To this time belongs still another youthful friendship very significant for me. This was with a young man who was in every way the opposite of the fair-haired youth. He felt that he was a poet. With him, too, I spent a great deal of time in stimulating talk. He was very sensitive to everything poetic. At an early age he undertook important productions. When we became acquainted, he had already written a tragedy, Hannibal, and much lyric verse.
[ 8 ] I was with both these friends in the “practice in oral and written lectures” which Schröer conducted in the Hochschule. From this course we three, and many others, received the greatest inspiration. We young people could discuss what we had arrived at in our minds and Schröer talked over everything with us and elevated our souls by his dominant idealism and his noble capacity for imparting inspiration.
[ 9 ] My friend often accompanied me when I had the privilege of visiting Schröer. There he always grew animated, whereas elsewhere a note of burden was manifest in his life. Because of a certain discord he was not ready to face life. No calling was so attractive to him that he would gladly have entered upon it. He was altogether taken up with his poetic interest, and apart from this he found no satisfying relation with existence. At last he had to take a position quite unattractive to him. With him also I continued my connection by means of letters. The fact that even in his poetry he could not find real satisfaction preyed upon his spirit. Life for him was not filled with anything possessing worth. I had to observe to my sorrow, how little by little in his letters and also in his conversation the belief grew upon him that he was suffering from an incurable disease. Nothing sufficed to dispel this groundless obsession. So one day I had to receive the distressing news that the young man who was very near to me had made an end of himself.
[ 10 ] A real inward friendship I formed at this time also with a young man who had come from the German Transylvania to the Vienna Hochschule. Him also I had first met in Schröer's Seminar periods. There he had read a paper on pessimism. Everything which Schopenhauer had presented in favour of this conception of life was revived in that paper. In addition there was the personal, pessimistic temperament of the young man himself. I determined to oppose his views.

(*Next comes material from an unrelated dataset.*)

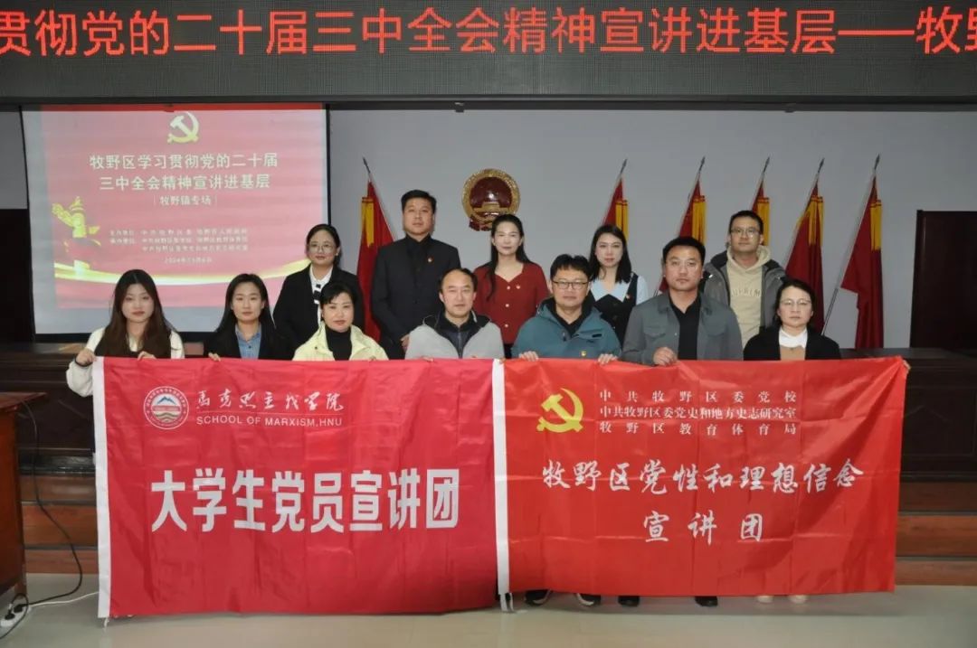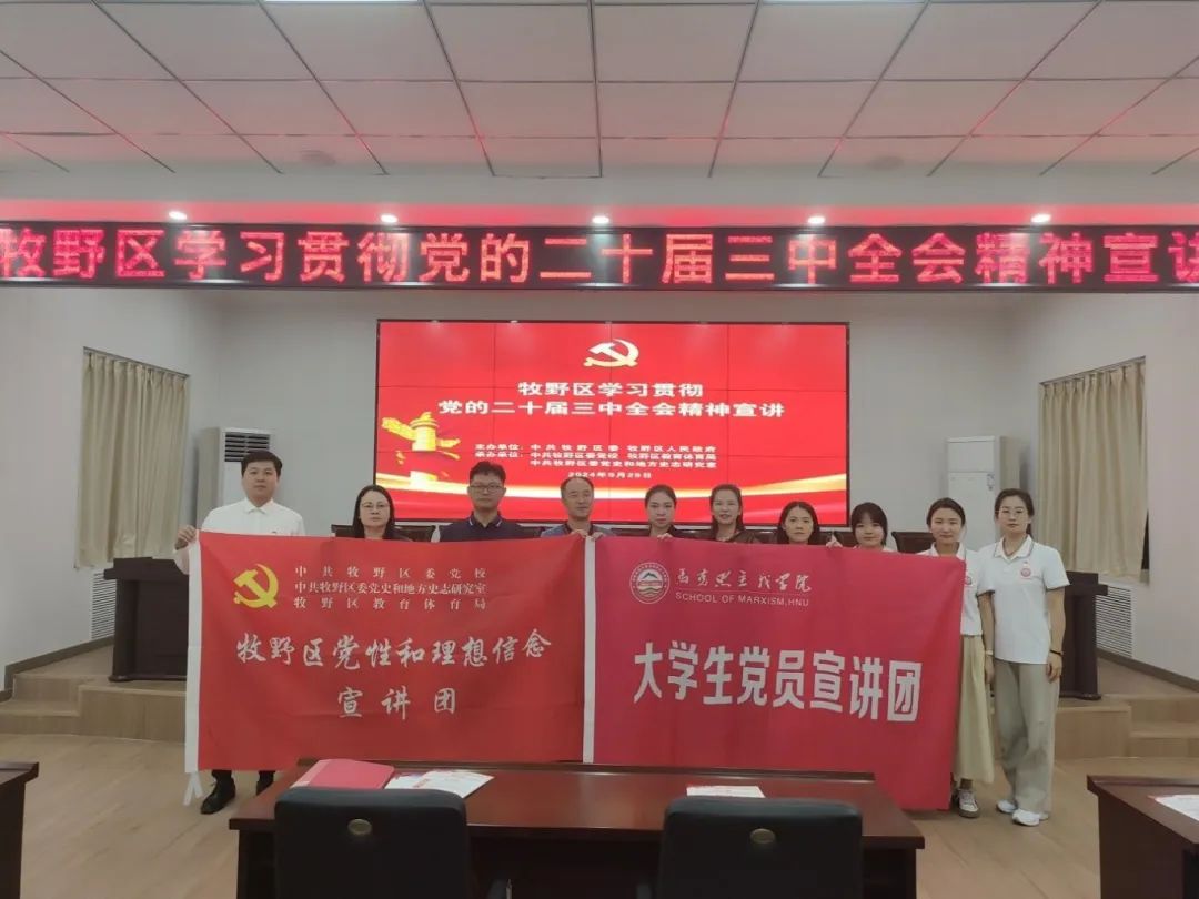 理论知识走进基层,全会精神滋润人心。为深入学习贯彻党的二十届三中全会精神,推动全会精神“飞入寻常百姓家”,9月29日——11月22日,大学生党员宣讲团联合牧野区党性和理想信念宣讲团走进牧野区委政府、牧野镇政府、周边社区、企事业单位开展以学习贯彻党的二十届三中全会精神为主题的巡回宣讲活动。

I refuted pessimism with veritable words of thunder, even calling Schopenhauer narrow-minded, and wound up my exposition with the sentence: “If the gentleman who read the paper were correct in his position with respect to pessimism, then I had rather be the wooden board on which my feet now tread than be a man.” These words were for a long time repeated jestingly about me among my acquaintances. But they made of the young pessimist and me inwardly united friends. We now passed much time together. He also felt himself to be a poet, and many a time I sat for hours in his room and listened with pleasure to the reading of his poems. In my spiritual strivings of that time he also showed a warm interest, although he was moved to this less by the thing itself with which I was concerned than by his personal affection for me. He was bound up with many a delightful friendship, and also youthful love affairs. As a means of living he had to carry a truly heavy burden. At Hermannstadt he had gone through the school as a poor boy and even then had to make his living by tutoring. He then conceived the clever idea of continuing to instruct by correspondence from Vienna the pupils he had gained at Hermannstadt. The sciences in the Hochschule interested him very little. One day, however, he wished to pass an examination in chemistry. He had never attended a lecture or opened a single one of the required books. On the last night before the examination he had a friend read to him a digest of the whole subject-matter. He finally fell asleep over this. Yet he went with this friend to the examination. Both made “brilliant” failures.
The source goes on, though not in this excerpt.